The Weber Z-Matcher is a good tool for allowing you to you run various cab impedances (2, 2.6, 4, 5.3, 8, 16) with your amp. On the Z-Matcher, set the amp knob to match the speaker output that you are plugged into on the amp and set the speaker knob to match what ever the total impedance is of the combined speaker cab setup. To run all 3 cabs in parallel it does require two of the cabs to have 2 jacks. Place the mono jack cab last in the chain. Three 8 ohm cabs in parallel would be 2.6 ohms. Three 16 ohm cabs in parallel would be 5.3 ohms. Two 16 ohm cabs and one 8 ohm cab in parallel would be 4 ohms.

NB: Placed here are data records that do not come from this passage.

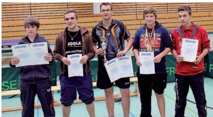
Bei den Jungen landeten die Nachwuchstalente des MTV Jever und des Heidmühler FC auf den vorderen Plätzen. Beide Teams treffen in dieser Saison auch in der Niedersachsenliga aufeinander..
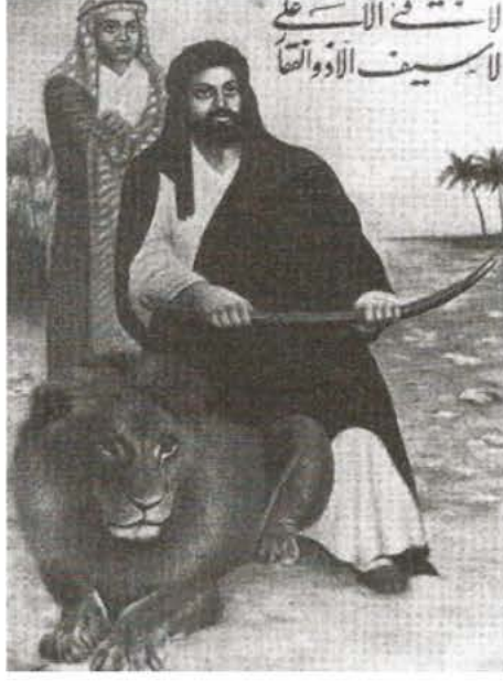
Hz. Ali, Aslan ve Kanber, 20. Yüzyıl, İran (Fahmida Suleman)
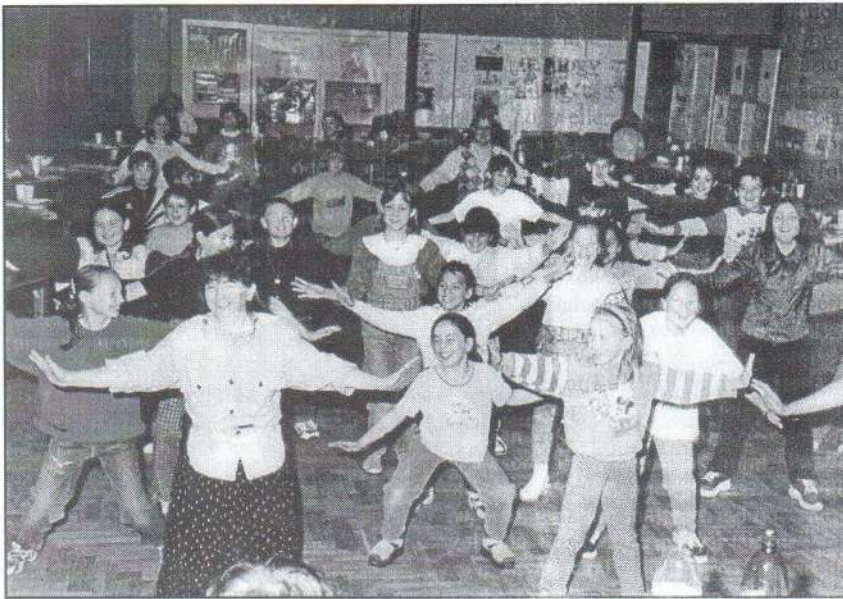
Amíg a zsűri tanácskozik, lazítanak a versenyzők

A Bedekovich Lőrinc Népfőiskolai Társaság kezdeményezésére többfordulós egészségnevelési vetélkedő zajlott az elmúlt tanévben. Az alsó tagozatos tanulóknak május 22-én, a felsősöknek június 5-én tartották a döntőt. A győztesek jutalma egynapos jutalomkirándulás volt.
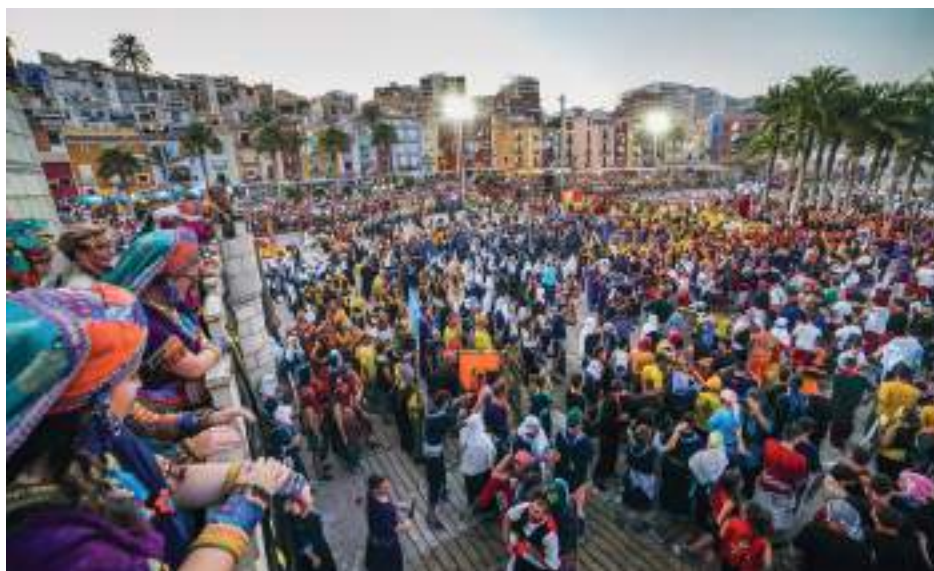
Las 22 compañías festeras durante 'la Reconquista' que té lloc la vesprada del 28 de juliol. Autor: Paco Lloret.

El capità/ana es tria cada any i és la representant i màxim càrrec fester de la companyia en els actes oficials. Es distingeix per dur una indumentària diferent de la resta dels membres de la companyia i en la desfilada participa precedit d'ostentació i escorta.
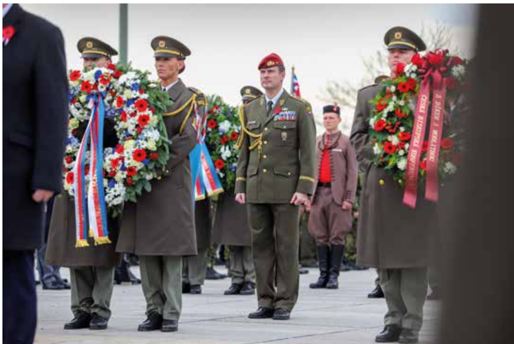
V novodobé historii České republiky bylo datum 11. listopadu jako Den válečných veteránů poprvé vzpomenuo v roce 2001. Náčelník Generálního štábu AČR generál Karel Řehka při slavnostním nástupu u Národního památníku na Vítkově (listopad 2022).

Naprosto zásadně. Změnila se samozřejmě technologicky. Vzpomínám si, když za mnou z Anglie přijeli začátkem devadesátých let mí spolužáci z vojenské školy. V centru Prahy jsme nemohli najít bankomat. A trvalo nám to opravdu hodně dlouho, než jsme nějaký našli. Dneska jsou skoro na každém rohu. Úplně stejně se změnila česká armáda, možná dokonce ještě více. V armádě jsou na prvním místě lidé. Jejich přístup a myšlení

If your cabs only have a mono jack you could try a Radial Cab-Link or something similar. The Cab-Link has 2 speaker outputs. It would allow you to run 2 mono jack cabs with your amp in either a series or parallel config.


----------



## DreamerDeceiver

Thanks.
I believe my 1960 b has a dual jack, and my jcm800ls Acab has the mono. Chances are if I obtain the 3rd 412 it will be a Bcab as well so it should have a dual jack..
Though it might be more cost effective to just get an attenuator ...solves both my issues,of additional cabs and low volume playing.
JCM900(93) ( 4/16 -8 )switch


----------



## RLW59

DreamerDeceiver said:


> Thanks.
> I believe my 1960 b has a dual jack, and my jcm800ls Acab has the mono. Chances are if I obtain the 3rd 412 it will be a Bcab as well so it should have a dual jack..
> Though it might be more cost effective to just get an attenuator ...solves both my issues,of additional cabs and low volume playing.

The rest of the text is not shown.